Late works

With his colourful «Méta-Harmonies»– monumental «sound-mixing machines» – Tinguely takes the sound reliefs he had already developed in the 50s a step further.
Their formal and acoustic variety challenges the visitor to explore the mechanical inter-relationships by studying the machine
from all angles.

In the Grosse Méta Maxi-Maxi Utopia, completed in 1987, Tinguely realises his vision of building a walk-in, poetically utopian dream world, using the most diverse everyday materials. Alongside the cheerful world of the «Méta-Harmonies», transience – in other words
Death – becomes an important part of Tinguely’s oeuvre in the 80s.

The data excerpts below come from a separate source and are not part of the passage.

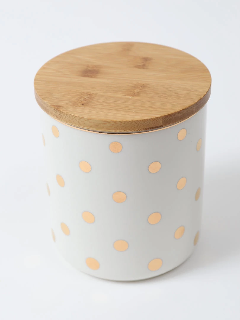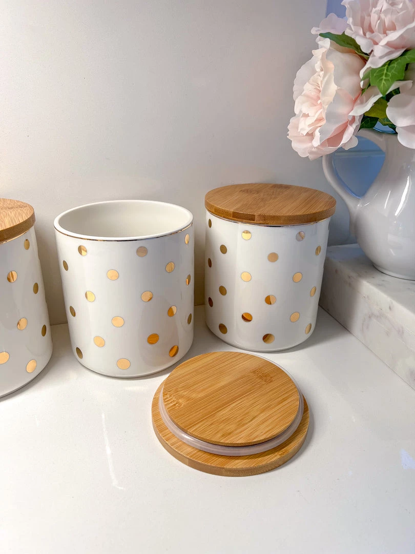 Description: The is a versatile white canister jar with a wooden top and can be used for so many things, cookies, snacks, dog treats, you name it! and it will look so cute! Each sold separately.
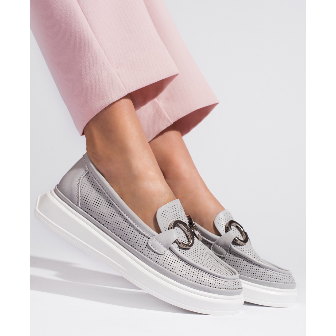 Moccasins have a 3 cm high platform, which makes them comfortable and easy to wear all day. Gray with delicate silver accents means that they match many styles. The original packaging of the manufacturer adds elegance, making it a great choice for a gift.
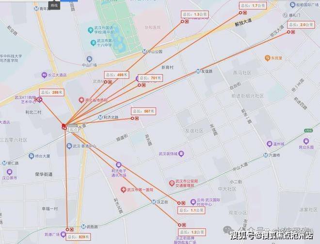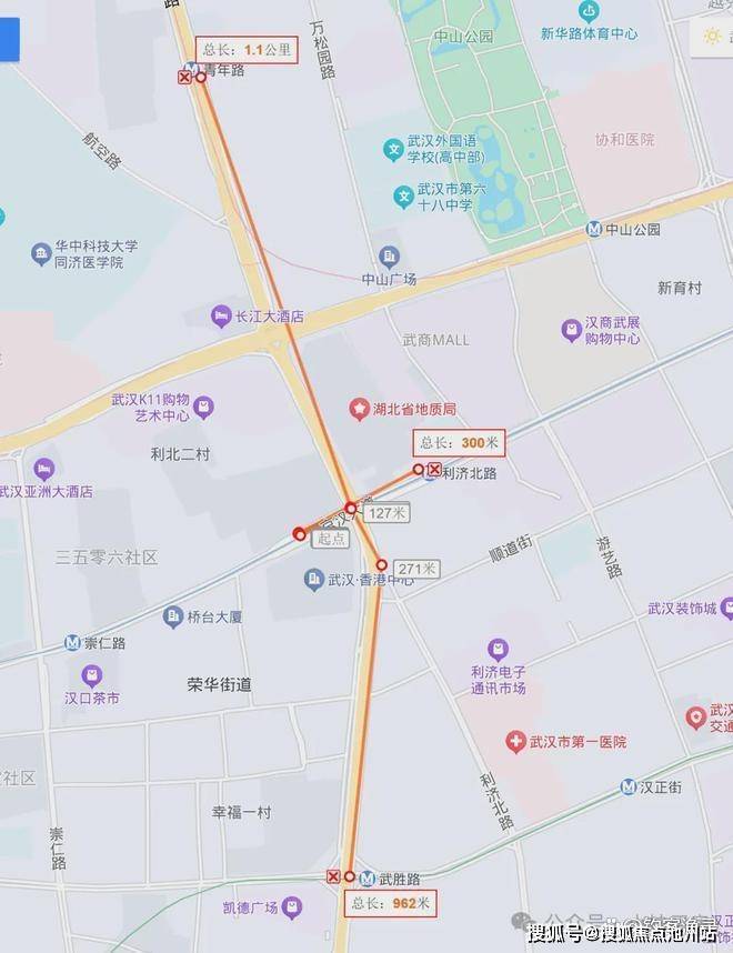 周边直线3km范围内有16个地铁站(利济北路、崇仁路、中山公园、武胜路、汉正街、青年路、友谊路、六渡桥、硚口路、王家墩东、循礼门、琴台、江汉路、取水楼、太平洋、武汉商务区),轨道交通发达,距离最近的地铁站是利济北路。
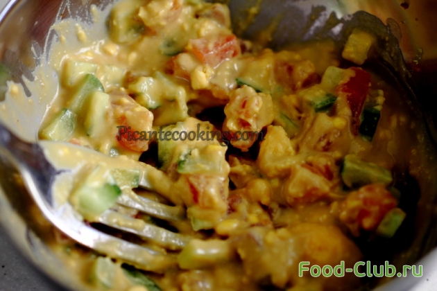 2. В глубокой миске перемешиваем желтки со всеми ингредиентами для фарша. Добавляем к массе 2/3 измельченной семги и нарезанных огурцов. Еще раз перемешиваем.
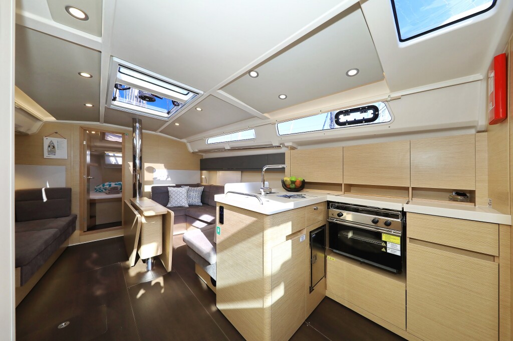 Sailing yacht Hanse 418 Alexander, built in 2021 is anchored in the Marina Kastela, Croatia - Split, Croatia. It has 3 cabins, can accommodate 6 + 2 people and has 2 toilets. Bed linen and kitchen equipment are included in the price.
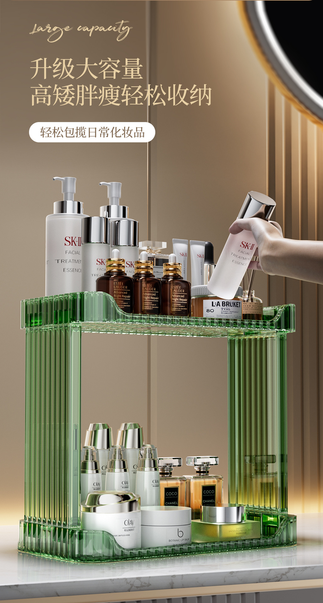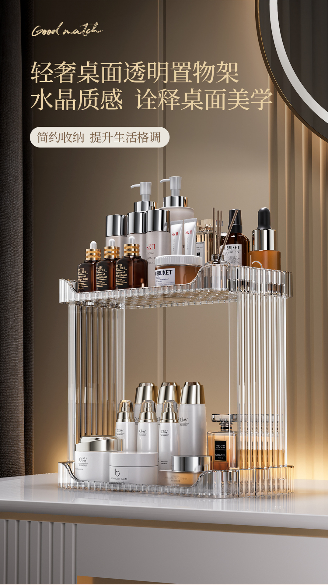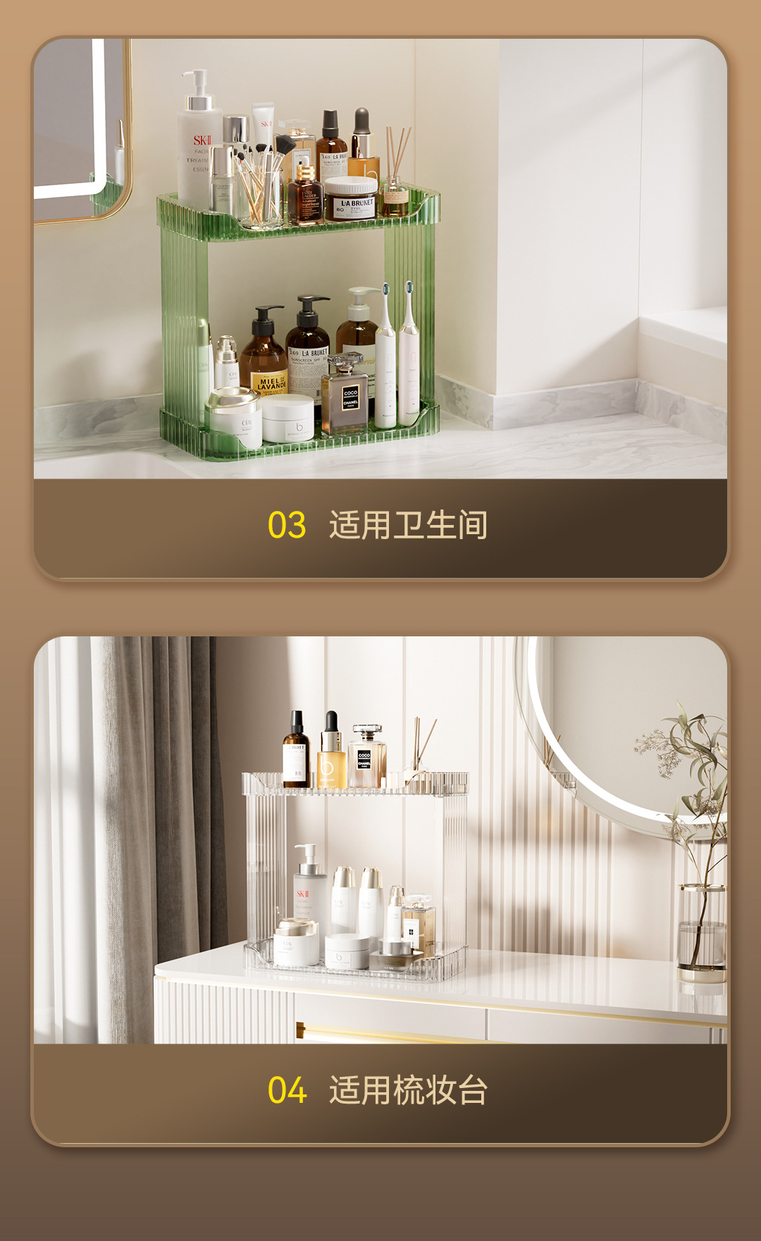 가정용 데스크탑 보관함 화장품 플라스틱 투명 보관함 욕실 싱크대 더블 레이어 보관함스토어 가기
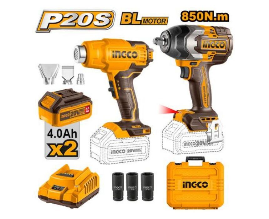 The Ingco Impact Wrench and Heat Gun Combo offers a powerful 850 Nm impact wrench paired with a versatile heat gun, perfect for a range of heavy-duty and precision tasks. This bundle includes two 4 Ah batteries, a charger, essential accessories, and a sturdy plastic carrying case for easy transport and storage. Ideal for professionals and DIY enthusiasts seeking efficiency and convenience in one compact kit.
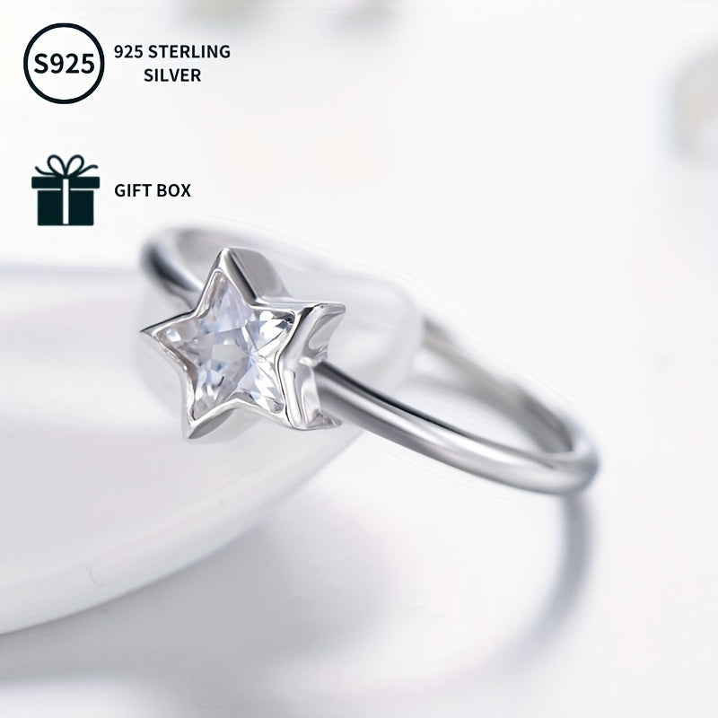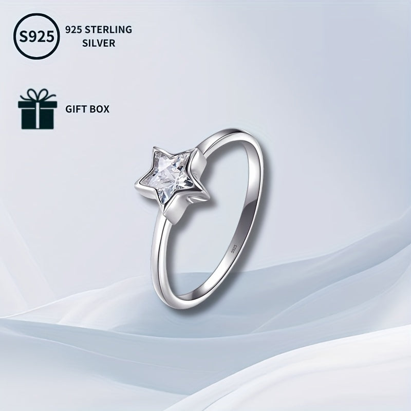 Dieser einzelne Sternring wird aus 925 Sterlingsilber mit synthetischer Kubikzirkonien für einen funkelnden Touch hergestellt. Es verfügt über ein silbriges Band in einem ungezwungenen Stil.

Lola T. 180 belongs to the series of moveable altar-pieces on which Tinguely begins to work in 1981.

The most impressive of these is the Mengele-Totentanz, which is created in 1986 from the remains of a burnt down farmhouse. The figures in this work group epitomise the inevitability of death, both through their appearance and by the moans and screeches they produce.
#1: JEAN TINGUELY, Lola T. 180 - Mémorial pour Joakim B., 1988, Museum Tinguely, Basel, Donation Niki de Saint Phalle. #2: JEAN TINGUELY, Méta-Harmonie IV, Fatamorgana, 1985, Museum Tinguely, Basel. #3: JEAN TINGUELY, Der Rammbock, Mengele Totentanz, 1986, Museum Tinguely, Basel. Fotos Christian Baur

The 1960s and 70s

In 1960, Tinguely creates his sensational, self-destructing scrap metal work, Homage to New York, in the garden of the Museum of Modern Art in New York.

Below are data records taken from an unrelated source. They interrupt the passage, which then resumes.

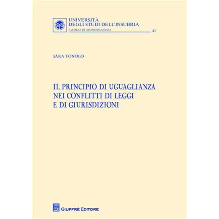 Questo volume si inquadra nel più ampio filone degli studi concernenti l'operatività dei principi fondamentali, specie di derivazione costituzionale, nei diversi campi dell'ordinamento e della corrispondenza tra principi costituzionali e di fonte internazionale. Molteplici e differenti sono le norme codificate in attuazione del principio di uguaglianza all'interno delle fonti internazionali, analogamente peraltro a quelle presenti nelle fonti interne ed europee. La ricostruzione di un principio generale a garanzia di un diritto di natura fondamentale, ed oggetto di un obbligo statuale erga omnes è il risultato dell'evoluzione della disciplina internazionale in tema di diritti essenziali della persona, che ha evidenziato un interesse giuridico al rispetto di tali diritti in capo alla comunità degli stati, con riferimento anche al principio di uguaglianza, generalmente inteso. Da tali premesse parte l'indagine condotta nel volume al fine di valutare gli effetti che il principio in esame determina nell'ambito del diritto internazionale privato, in ragione della rilevanza che hanno i diritti fondamentali dell'uomo nelle relazioni tra privati in situazioni atte a determinare conflitti di leggi e di giurisdizioni.
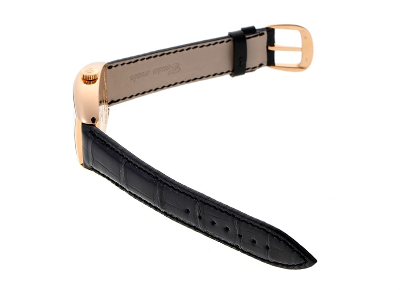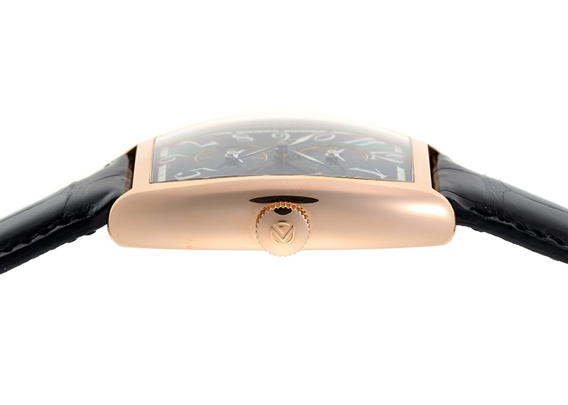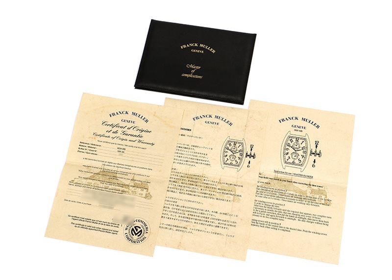 フランクミュラーの「マスターバンカー」が入荷しました。 マスターバンカーは銀行家の希望により誕生をしたモデル。 3タイムゾーンの機構をもち、それぞれ個別で時刻の設定が可能。 操作性も優れており、一つのリューズで調整ができ、3時位置にデイト表示が付きます。 フランクミュラーを代表するトノウカーベックスのケースに納まり、 トノウは上から見たときの形状で樽型の形、 カーベックスはケースを側面から見たときのカーブをしている形状を指します。 腕へのフィット感は抜群で、多くの定番シリーズで採用がされています。 文字盤の配色をみるとインダイヤルもブラックで統一がされているため、 マスターバンカーシリーズの中でも初期のモデルです。 ローズゴールドの素材で決して派手ではなく落ち着いた雰囲気が感じられます。 提携工房にてオーバーホール(分解掃除)、外観の傷取り(研磨)をおこなっています。 当たり傷等なく状態は良好です。 ストラップは純正新品のベルトを取り付けています。 フランクミュラーの保証書が付属をして、国内の正規販売店で2001年6月に販売がされた商品です。 別途、携帯ケースをお付けいたします。 さらに詳しい内容を確認されたい方は、お気軽にお問い合せ下さい。 管理用:own468
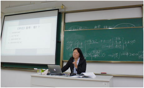 之后马老师从各种实景真题入手,全方位、多角度的讲解了考试中我们需要注意的地方。她强调要找到复习重点,不能盲目相信网上所谓的必过课程,“你们要具备快速阅读能力,归纳备考能力,这都是必不可少的。”马老师如是说道。在讲座的最后,马老师指出最重要的还是努力坚持,端正自己的心态观念,不能有丝毫的松懈。
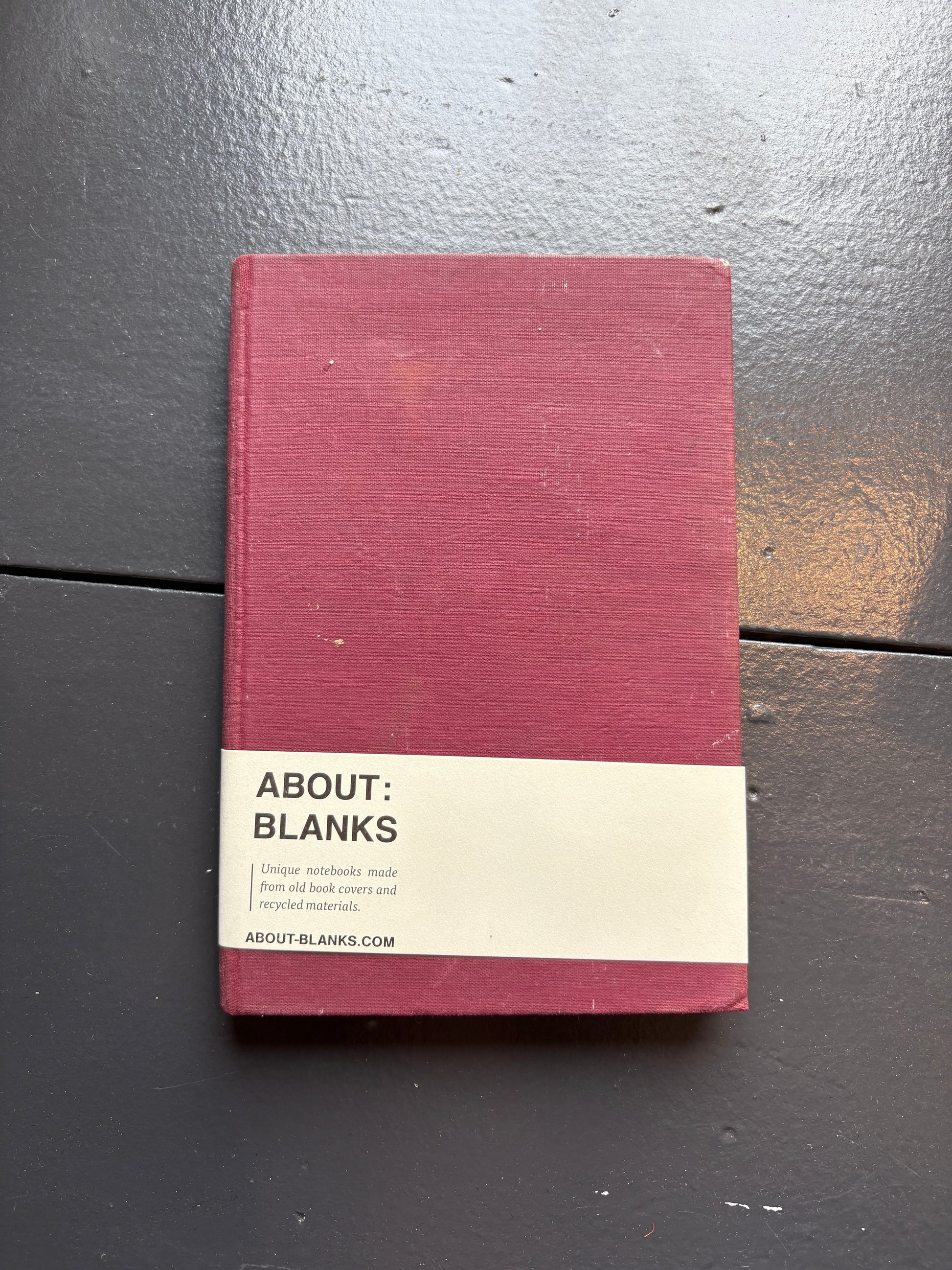 About Blanks' notebooks are unique, one of a kind pieces, handmade from old book covers. By removing the old inner works and refilling the covers with paper from responsible sources, new notebooks are created. Blank pages make the book suitable for use as a sketchbook, notebook, or journal.

In the first half of the 60s, the artist works principally with scrap iron and «objets trouvés». Works created include the Ballet des pauvres (Ballet of the Poor) and the «Balubas» series, motorised scrap sculptures featuring colourful «chaotically» assembled components that shake backwards and forwards in wild, jerky movements accompanied by a great deal of noise.
During this period, the artist constructs a series of machine sculptures, whose aggressive and eccentric movements and sounds scare the onlookers, but also cause them to laugh.

With his «Chars» – cart-like sculptures that move backwards and forwards, from left to right, up and down – the artist produces works such as those to which Sisyphus was condemned, constantly repeating their aimless and purposeless activity.

An important turning point is reached in 1963. Tinguely now paints his sculptures a uniform black, thereby emphasising their formal, plastic-sculptural qualities. In addition, a more robust mode of construction and the use of ball bearings enable Tinguely to experiment with a combination of rocking, circling and rotating movements in his «Bascule»- and «Eos» sculptures.
Klamauk (1979) is a work with «multi-dimensional» properties: mounted on a tractor. Through it, Tinguely realises his idea of a mobile, noise-making, smoking and stinking machine sculpture.
#1: JEAN TINGUELY, Ballet des Pauvres, 1961, Museum Tinguely, Basel. #2: JEAN TINGUELY, Ecrevisse, 1962, Museum Tinguely, Basel. #3: JEAN TINGUELY, Klamauk, 1979, Museum Tinguely, Basel, Donation Niki de Saint Phalle. Fotos Christian Baur

The 1950s

Jean Tinguely (1925-1991) who grew up in Basel and belonged to the Parisian avant-garde in the 1950s and 60s, stimulated and revolutionised the «static» art world with his kinetic works.
Using everyday materials such as steel wire, tinplate and paint, in the early Fifties Tinguely creates moveable abstract constructions that can be set in motion by turning crank handles driven by a cogwheel mechanism.

In Paris in 1954, the artist exhibits his first motor-driven reliefs that he will eventually call «Méta-mécaniques». Driven by rollers, drive belts and electric motors, geometric metal elements move at different speeds against a background of monochrome wooden panels to form ever changing, random compositions.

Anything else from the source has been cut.